Available data Start Marker

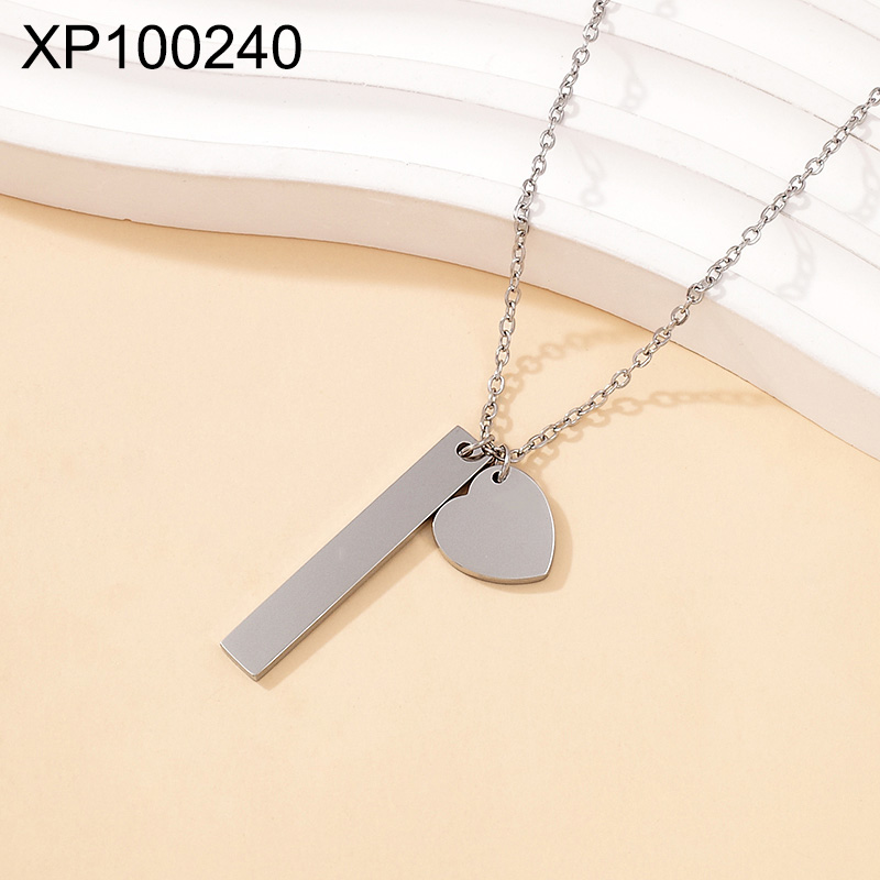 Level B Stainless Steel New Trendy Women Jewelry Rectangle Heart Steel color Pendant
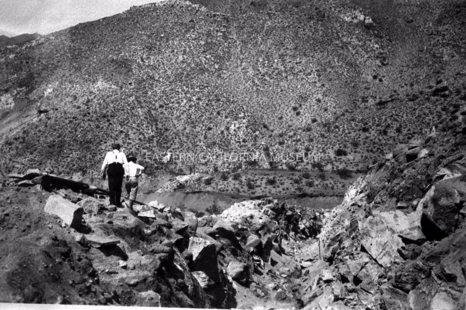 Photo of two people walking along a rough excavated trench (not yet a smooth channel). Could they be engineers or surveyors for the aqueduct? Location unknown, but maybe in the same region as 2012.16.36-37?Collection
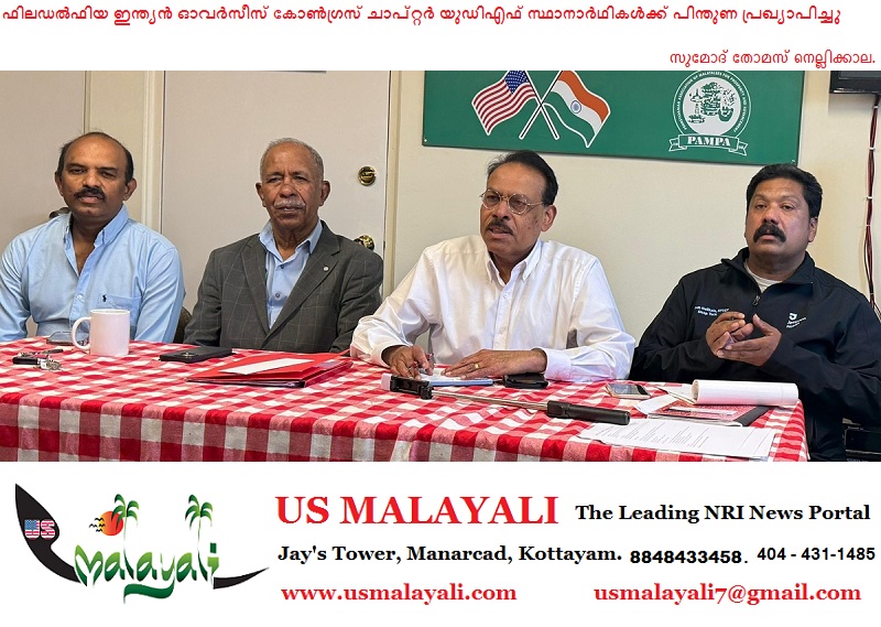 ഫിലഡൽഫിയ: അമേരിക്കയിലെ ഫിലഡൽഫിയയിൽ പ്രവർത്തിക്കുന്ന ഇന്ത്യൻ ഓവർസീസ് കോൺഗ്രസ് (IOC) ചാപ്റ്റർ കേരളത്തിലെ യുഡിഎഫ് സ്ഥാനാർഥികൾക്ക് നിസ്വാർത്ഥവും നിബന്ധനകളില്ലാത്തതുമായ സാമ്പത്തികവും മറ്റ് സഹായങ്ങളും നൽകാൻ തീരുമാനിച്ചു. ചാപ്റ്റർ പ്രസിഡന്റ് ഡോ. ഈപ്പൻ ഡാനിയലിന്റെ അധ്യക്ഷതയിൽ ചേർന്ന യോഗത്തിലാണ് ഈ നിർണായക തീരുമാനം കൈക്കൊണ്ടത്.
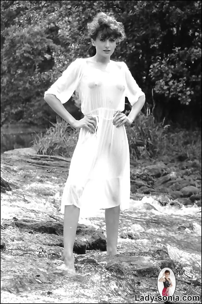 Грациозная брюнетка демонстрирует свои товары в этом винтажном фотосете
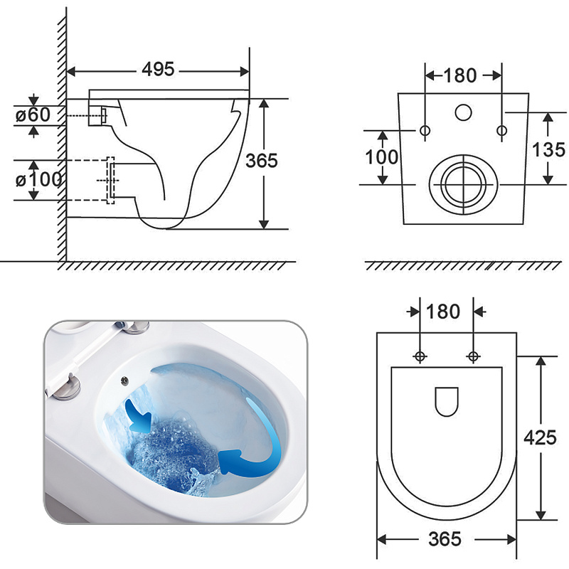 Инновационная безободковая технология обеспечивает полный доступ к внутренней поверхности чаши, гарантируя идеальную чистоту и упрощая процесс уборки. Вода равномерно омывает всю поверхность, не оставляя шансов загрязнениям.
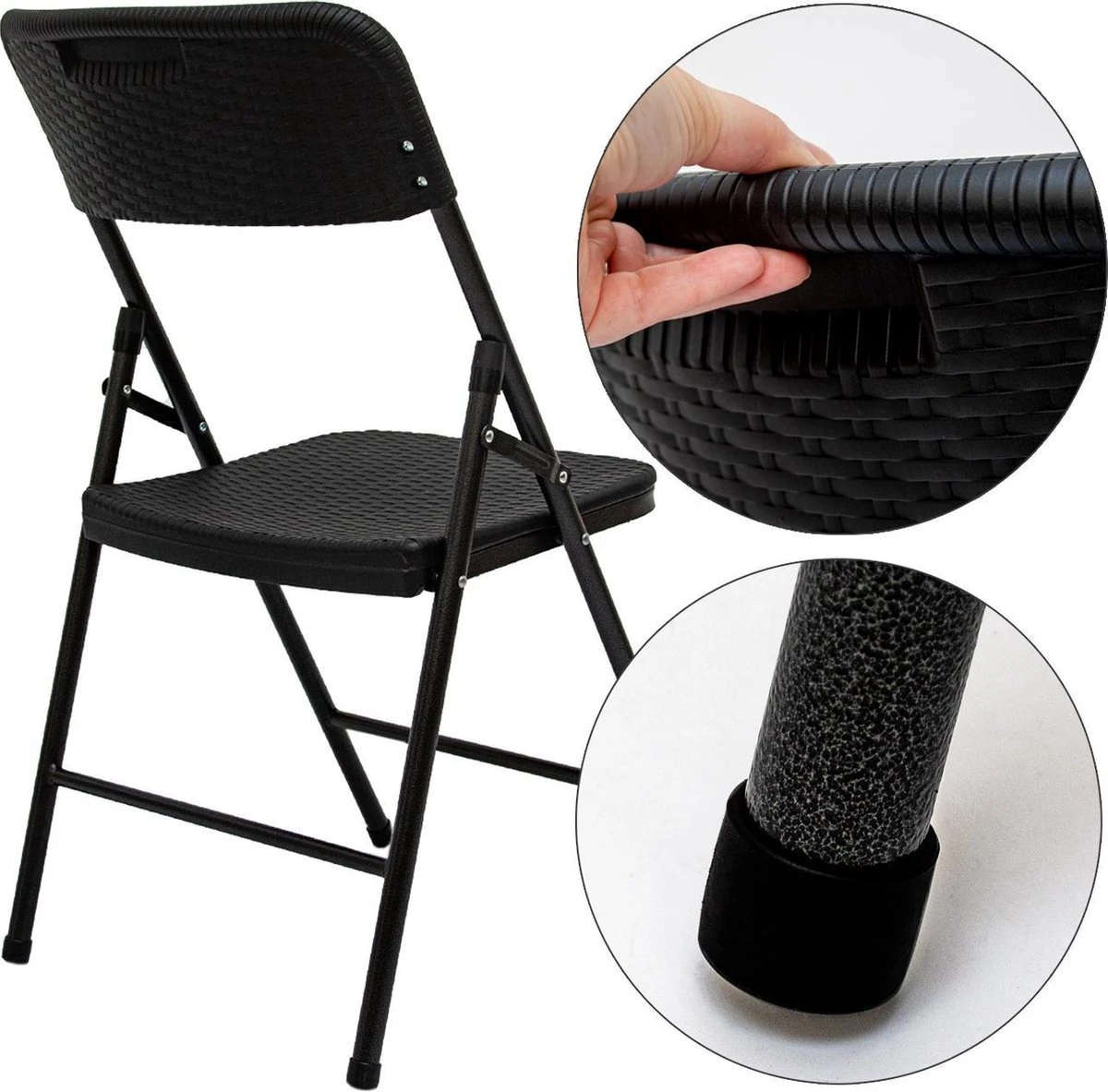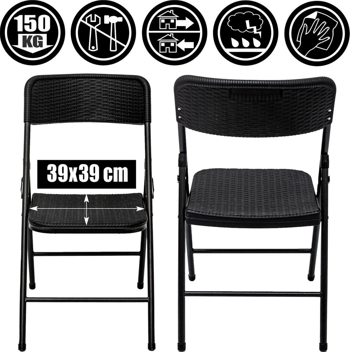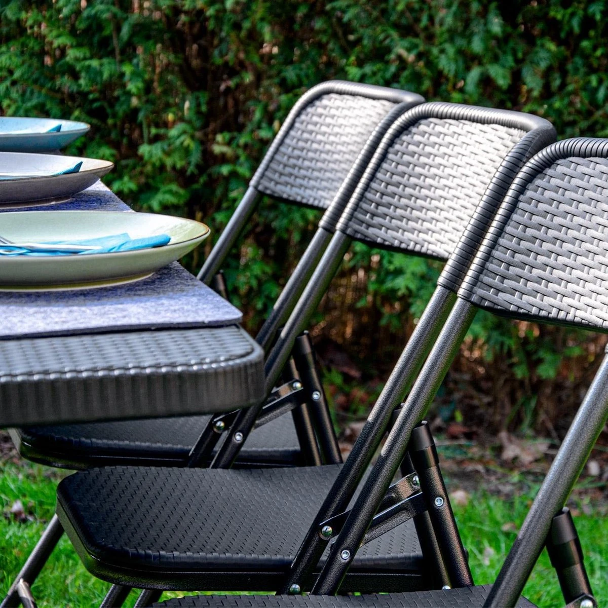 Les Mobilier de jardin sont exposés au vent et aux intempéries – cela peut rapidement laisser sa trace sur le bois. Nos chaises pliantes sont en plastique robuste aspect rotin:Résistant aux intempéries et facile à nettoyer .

Available data End Marker

* **Requirement**: Beginning with the first line of the records above, extract each line exactly through the line that holds "Инновационная безободковая технология", both ends included. Omit pictures.

* **Answer for the task**:
 Level B Stainless Steel New Trendy Women Jewelry Rectangle Heart Steel color Pendant
 Photo of two people walking along a rough excavated trench (not yet a smooth channel). Could they be engineers or surveyors for the aqueduct? Location unknown, but maybe in the same region as 2012.16.36-37?Collection
 ഫിലഡൽഫിയ: അമേരിക്കയിലെ ഫിലഡൽഫിയയിൽ പ്രവർത്തിക്കുന്ന ഇന്ത്യൻ ഓവർസീസ് കോൺഗ്രസ് (IOC) ചാപ്റ്റർ കേരളത്തിലെ യുഡിഎഫ് സ്ഥാനാർഥികൾക്ക് നിസ്വാർത്ഥവും നിബന്ധനകളില്ലാത്തതുമായ സാമ്പത്തികവും മറ്റ് സഹായങ്ങളും നൽകാൻ തീരുമാനിച്ചു. ചാപ്റ്റർ പ്രസിഡന്റ് ഡോ. ഈപ്പൻ ഡാനിയലിന്റെ അധ്യക്ഷതയിൽ ചേർന്ന യോഗത്തിലാണ് ഈ നിർണായക തീരുമാനം കൈക്കൊണ്ടത്.
 Грациозная брюнетка демонстрирует свои товары в этом винтажном фотосете
 Инновационная безободковая технология обеспечивает полный доступ к внутренней поверхности чаши, гарантируя идеальную чистоту и упрощая процесс уборки. Вода равномерно омывает всю поверхность, не оставляя шансов загрязнениям.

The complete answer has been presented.